## Exercise requirements
Every line below from the one with "With today's unpredictable" through the one with "2020年,中梁控股剔除预收" should be retyped exactly, both ends included; no other lines and no pictures.
[Given information Boundary: Start]
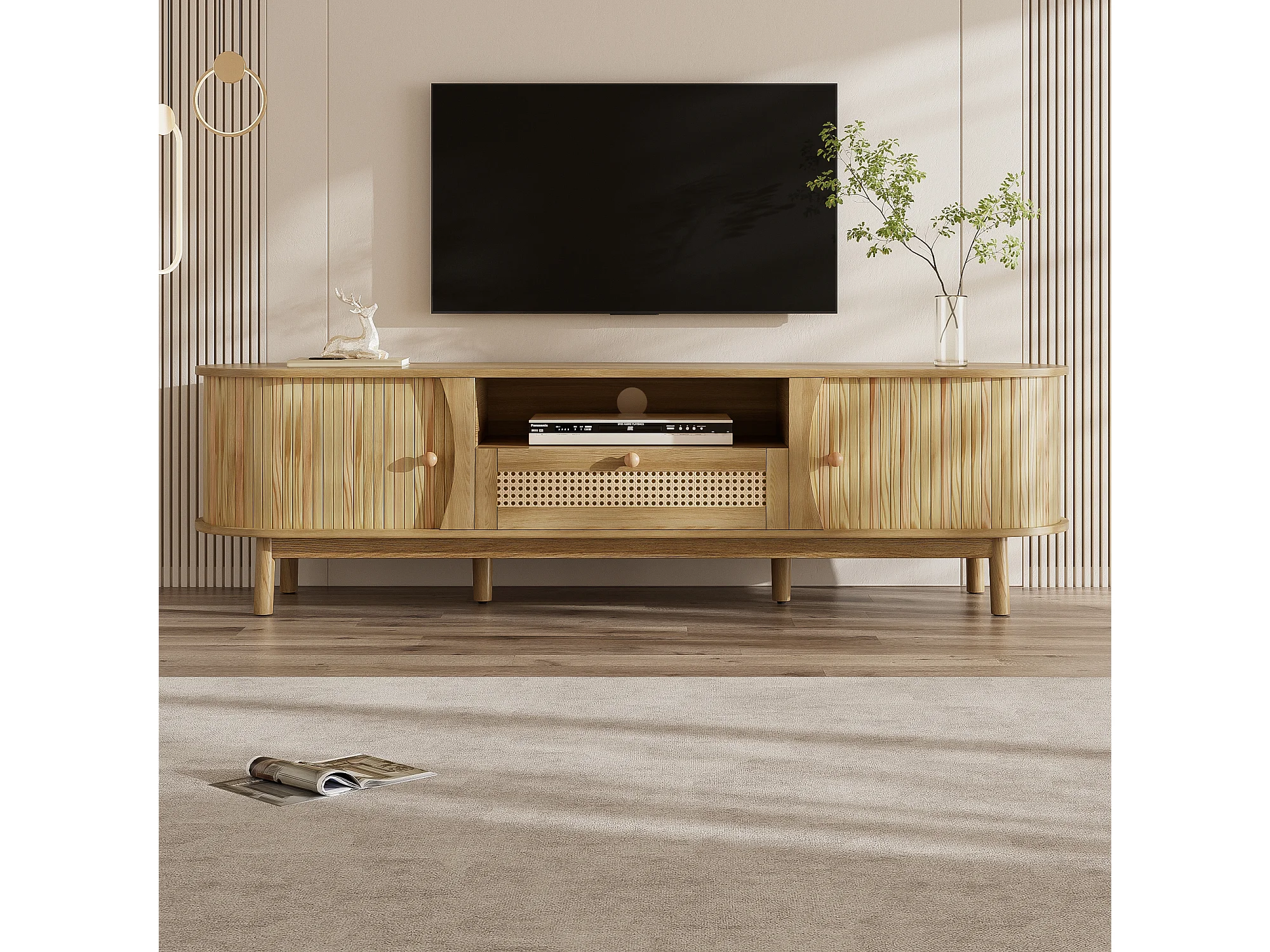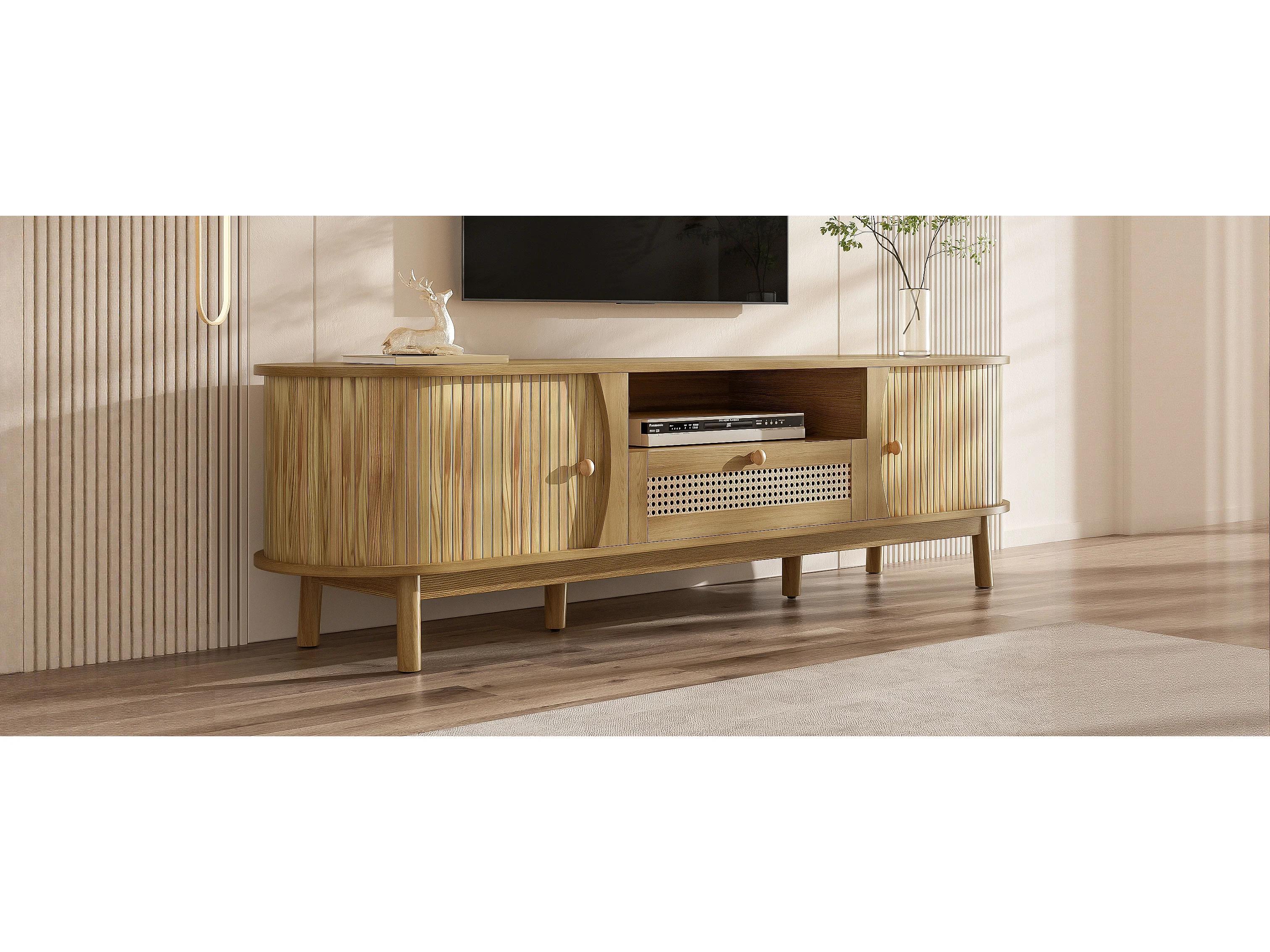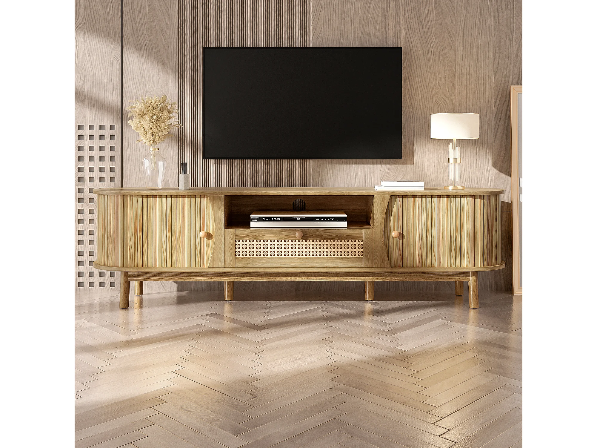 Meuble TV en rotin - 165 x 37 x 46 cm - avec 2 portes + 1 tiroir + étagère - façade basse - MDF - naturel
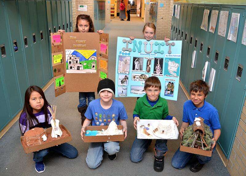 Fourth-grade students at Kemper Elementary recently made and reported on Native American homes for their Colorado history class. In back are Isabelle Wilson and Olivia Yarbrough, and in front are Savannah Billings, Johnny Graves, Atticus Keel and James McLaughlin.
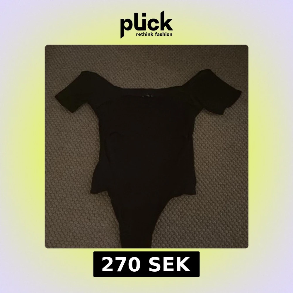 Snygg svart offshoulder bodysuit med korta ärmar. Perfekt för en stilren look. Passar bra till både jeans och kjol.
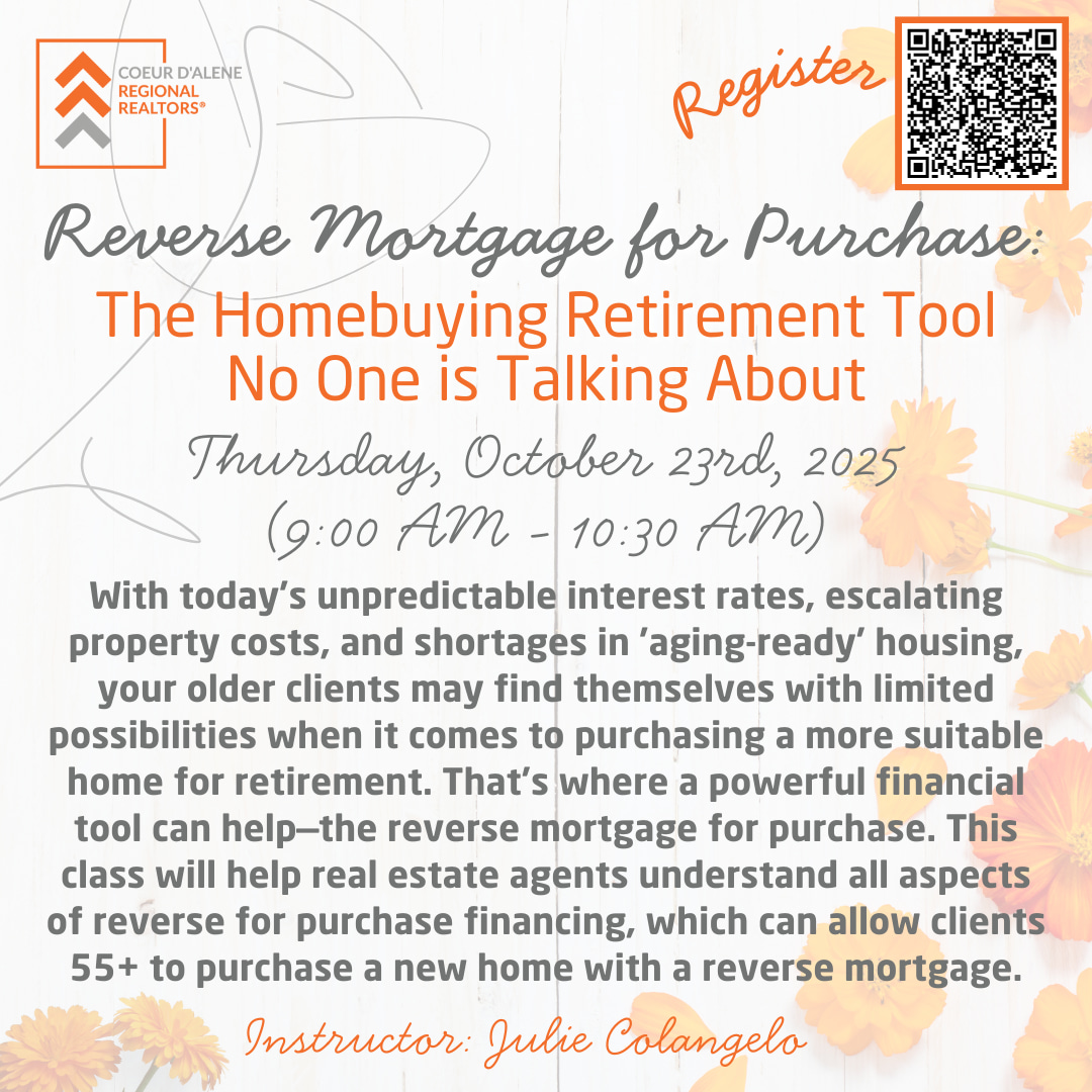 With today's unpredictable interest rates, escalating property costs, and shortages in aging-ready; housing, your older clients may find themselves with limited possibilities when it comes to purchasing a more suitable home for retirement. That's where a powerful financial tool can help - the reverse mortgage for purchase. This class will help real estate agents understand all aspects reverse for purchase financing, which can allow clients aged 55 and older to purchase a new home with a reverse mortgage. Course fee: Complimentary to CRR members. Non-members $25.00 Instructor: Julie ColangeloImages
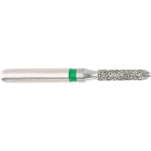 Short parallel chamfer, torpedo, course grit, friction grip short / paedo diamond. Head diameter 012 (1.2mm) with 6mm working length. Maximum recommended speed 160,000 rpm. Matches H282 carbide finisher series
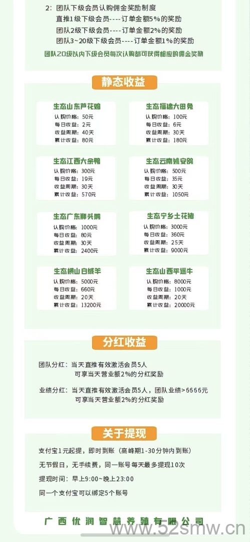 智慧牧场鼓励用户推荐朋友加入,用户每成功邀请一位好友激活账户,即可获得5元的现金奖励。此外,二级会员的订单金额也会给予一定比例的返还。如果在同一天内直推五名有效会员,还能享受营业额2%的分红。当团队业绩超过6666元时,用户将按照规定比例获得更多分成,让收益不断增加。
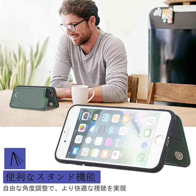商品名:【Aqier】カバー 用 iPhone SE (2020) / SE2 (第2世代) / iphone8 / iphone7 ケースカード (ダルグリーン) アップル アイフォse/se2/8/7 スマホケース 背面カード 収納 軽量 多機能 ケース 手帳型 iphone7g GREEN
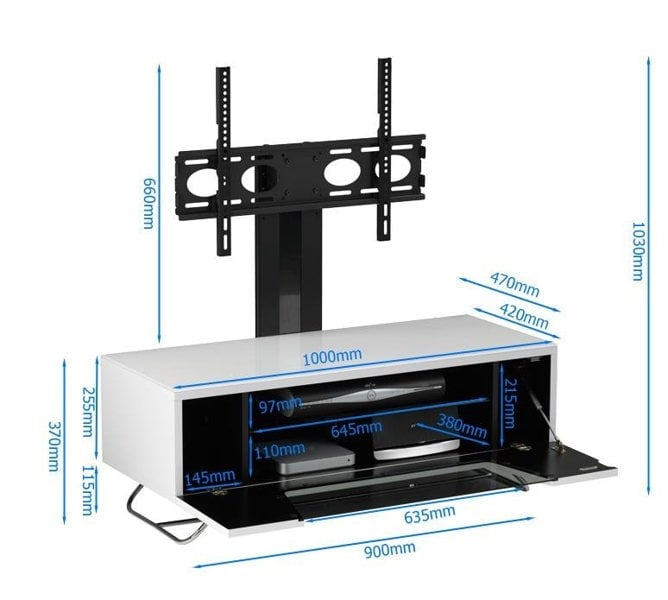 • High gloss enclosed cabinet with matching glass.Soft opening door with magnetic catch.Passive ventilation.Cable management.IR Friendly glass door
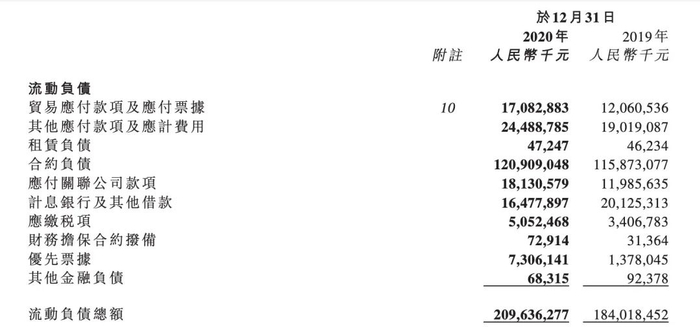 2020年,中梁控股剔除预收款项后的资产负债率降到了79.9%,但流动负债仍高达2096.36亿元,且踩了“红线”。
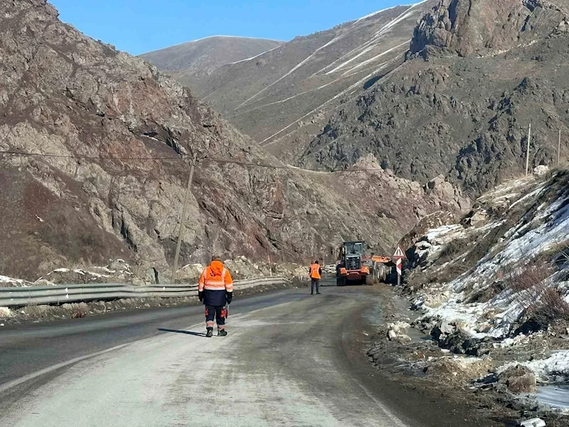 Yüksekova-Van kara yolu üzerindeki Yeni Köprü bölgesinde dağdan düşen kaya parçaları temizlendi.
[Given information Boundary: End]
## Task answer
 With today's unpredictable interest rates, escalating property costs, and shortages in aging-ready; housing, your older clients may find themselves with limited possibilities when it comes to purchasing a more suitable home for retirement. That's where a powerful financial tool can help - the reverse mortgage for purchase. This class will help real estate agents understand all aspects reverse for purchase financing, which can allow clients aged 55 and older to purchase a new home with a reverse mortgage. Course fee: Complimentary to CRR members. Non-members $25.00 Instructor: Julie ColangeloImages
 Short parallel chamfer, torpedo, course grit, friction grip short / paedo diamond. Head diameter 012 (1.2mm) with 6mm working length. Maximum recommended speed 160,000 rpm. Matches H282 carbide finisher series
 智慧牧场鼓励用户推荐朋友加入,用户每成功邀请一位好友激活账户,即可获得5元的现金奖励。此外,二级会员的订单金额也会给予一定比例的返还。如果在同一天内直推五名有效会员,还能享受营业额2%的分红。当团队业绩超过6666元时,用户将按照规定比例获得更多分成,让收益不断增加。
商品名:【Aqier】カバー 用 iPhone SE (2020) / SE2 (第2世代) / iphone8 / iphone7 ケースカード (ダルグリーン) アップル アイフォse/se2/8/7 スマホケース 背面カード 収納 軽量 多機能 ケース 手帳型 iphone7g GREEN
 • High gloss enclosed cabinet with matching glass.Soft opening door with magnetic catch.Passive ventilation.Cable management.IR Friendly glass door
 2020年,中梁控股剔除预收款项后的资产负债率降到了79.9%,但流动负债仍高达2096.36亿元,且踩了“红线”。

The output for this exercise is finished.